Transcribe the listing in full, word for word; pictures do not belong in the copy.

Input records
[Start of section]

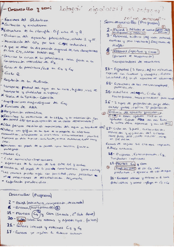 13 - APARATO FOTOSINTÉTICO, 14 - COOPERACIÓN ENTRE ECOSISTEMAS, 15 - FOTOFOSFORILACIÓN, 16 - FIJACIÓN DEL CO2, 17 - FOTORRESPIRACIÓN, 18 - PLANTAS C4, 19 - PLANTAS CAM, 20 - SIGNIFICADO FISIOLÓGICO CAM Y C4
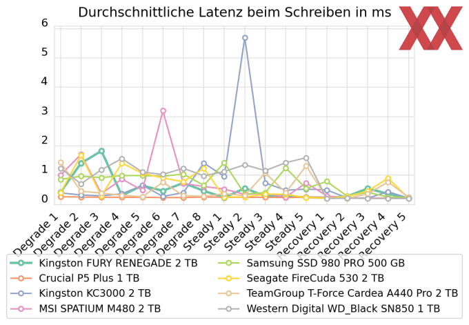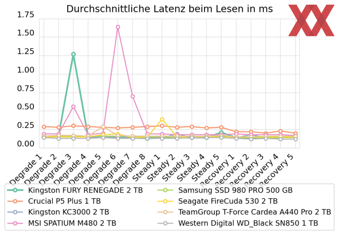 Im abschließenden Belastungstest zeigt sich besonders gut im Vergleich zur KC3000 der Vorteil der FURY RENEGADE. Können unter idealen Umständen die Massenspeicher noch jeweils identisch gut performen, zeigt sich der Vorteil des extra zugesicherten Speichers durchaus in kritischeren Phasen. Dieses Verhalten haben auch bei der TeamGroup T-Force Cardea A440 Pro und der Seagate FireCuda 530 festgestellt, wobei das Leistungsniveau dieser beiden tendenziell noch einen Tick höher liegt.
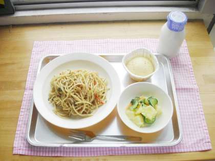 今日の献立は、ごまとじゃこのスパゲティ、じゃがいもサラダ、
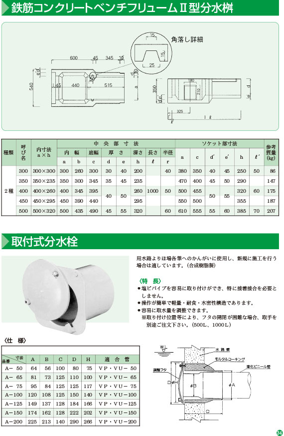 鉄筋コンクリートベンチフリュームU型分水桝・取付式分水栓
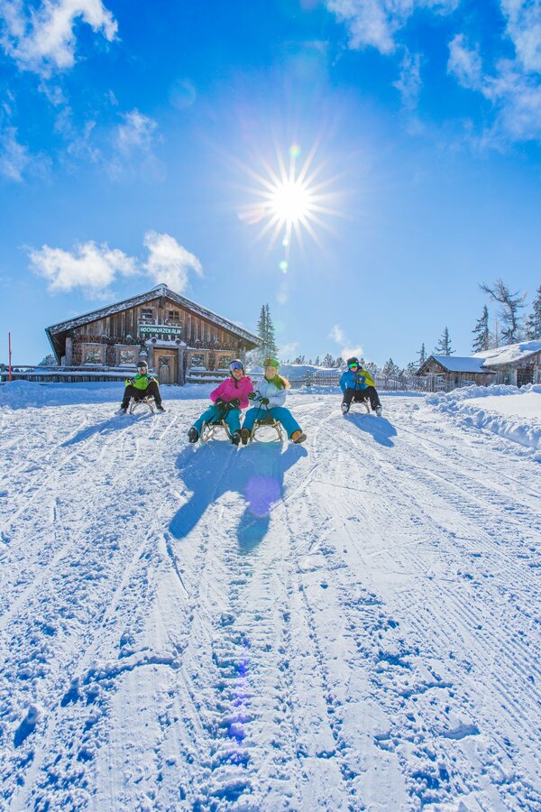 Whether steep curves, waves or the snow tunnel – over a length of 575 metres, fun obstacles provide plenty of adventure.
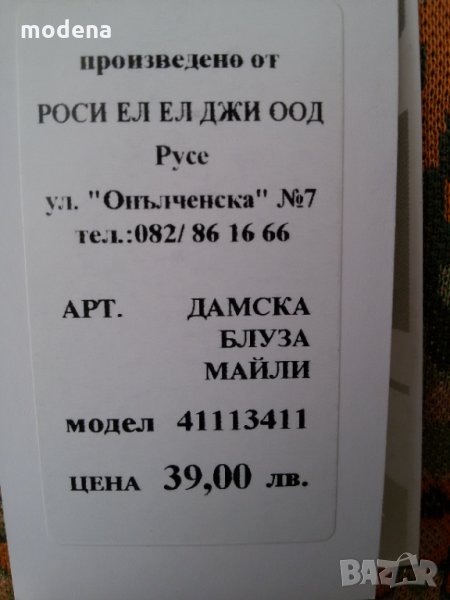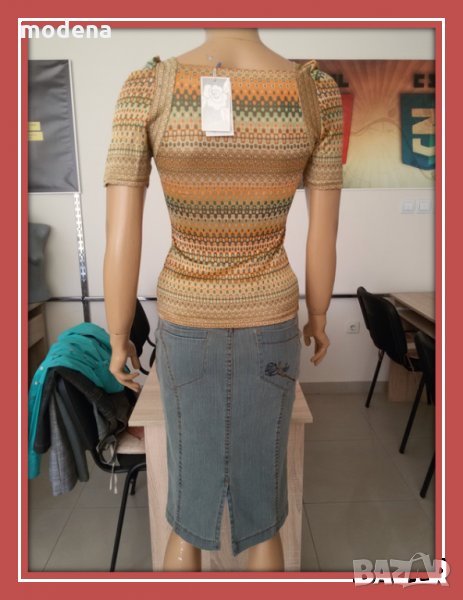 Дънкова Пола на русенската фирма Роси №44 Атина, състав - 98% памук, 2% еластан, намалена от 69 лв. Блузата е също на "Роси" размер S, цена10 лв, намалена от 39 лв.
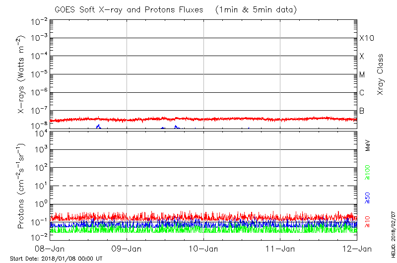 This page provides light-curves generated from GOES soft X-ray and Particle data for the date indicated at the top and the preceding three days.
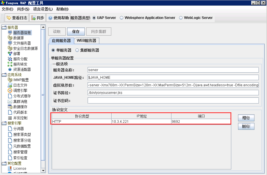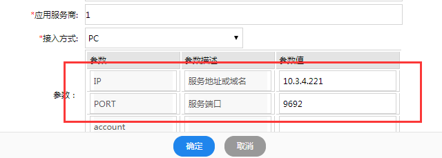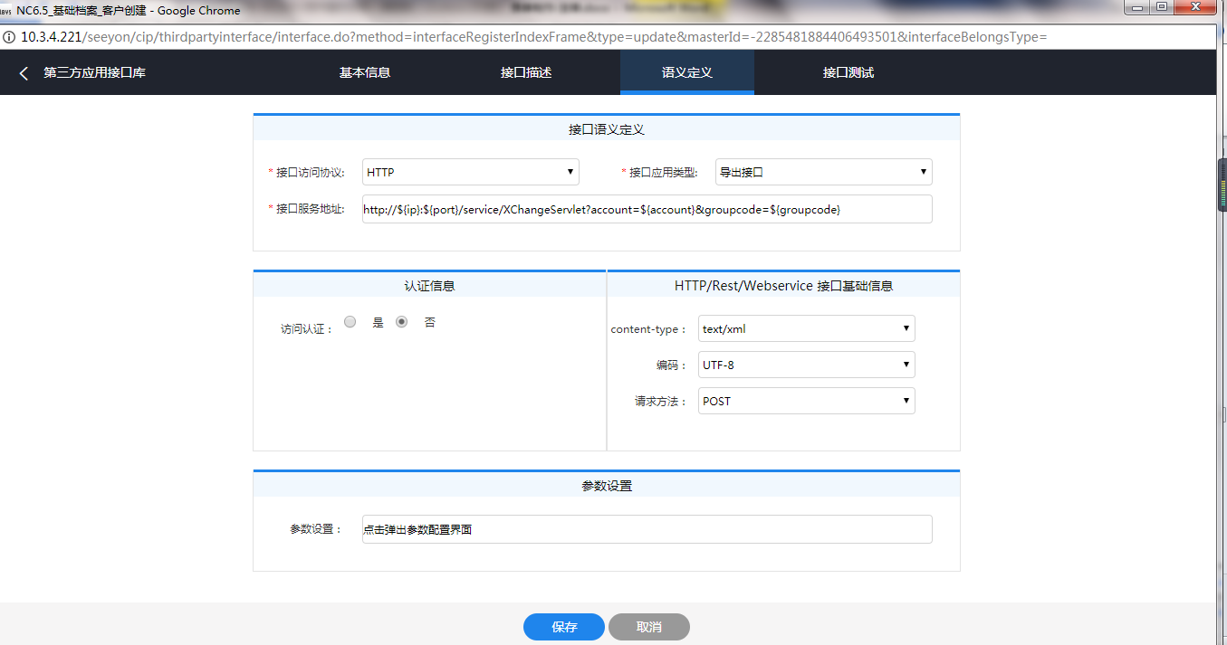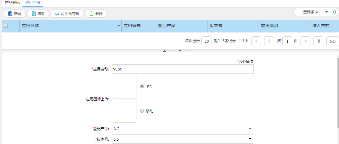 输入应用名称、选择登记产品为NC(这里的NC为产品登记处的NC)、设置参数(ip,port),点击保存,完成外部系统的注册;

[End of section]

Reply
 13 - APARATO FOTOSINTÉTICO, 14 - COOPERACIÓN ENTRE ECOSISTEMAS, 15 - FOTOFOSFORILACIÓN, 16 - FIJACIÓN DEL CO2, 17 - FOTORRESPIRACIÓN, 18 - PLANTAS C4, 19 - PLANTAS CAM, 20 - SIGNIFICADO FISIOLÓGICO CAM Y C4
 Im abschließenden Belastungstest zeigt sich besonders gut im Vergleich zur KC3000 der Vorteil der FURY RENEGADE. Können unter idealen Umständen die Massenspeicher noch jeweils identisch gut performen, zeigt sich der Vorteil des extra zugesicherten Speichers durchaus in kritischeren Phasen. Dieses Verhalten haben auch bei der TeamGroup T-Force Cardea A440 Pro und der Seagate FireCuda 530 festgestellt, wobei das Leistungsniveau dieser beiden tendenziell noch einen Tick höher liegt.
 今日の献立は、ごまとじゃこのスパゲティ、じゃがいもサラダ、
 鉄筋コンクリートベンチフリュームU型分水桝・取付式分水栓
 Whether steep curves, waves or the snow tunnel – over a length of 575 metres, fun obstacles provide plenty of adventure.
 Дънкова Пола на русенската фирма Роси №44 Атина, състав - 98% памук, 2% еластан, намалена от 69 лв. Блузата е също на "Роси" размер S, цена10 лв, намалена от 39 лв.
 This page provides light-curves generated from GOES soft X-ray and Particle data for the date indicated at the top and the preceding three days.
 输入应用名称、选择登记产品为NC(这里的NC为产品登记处的NC)、设置参数(ip,port),点击保存,完成外部系统的注册;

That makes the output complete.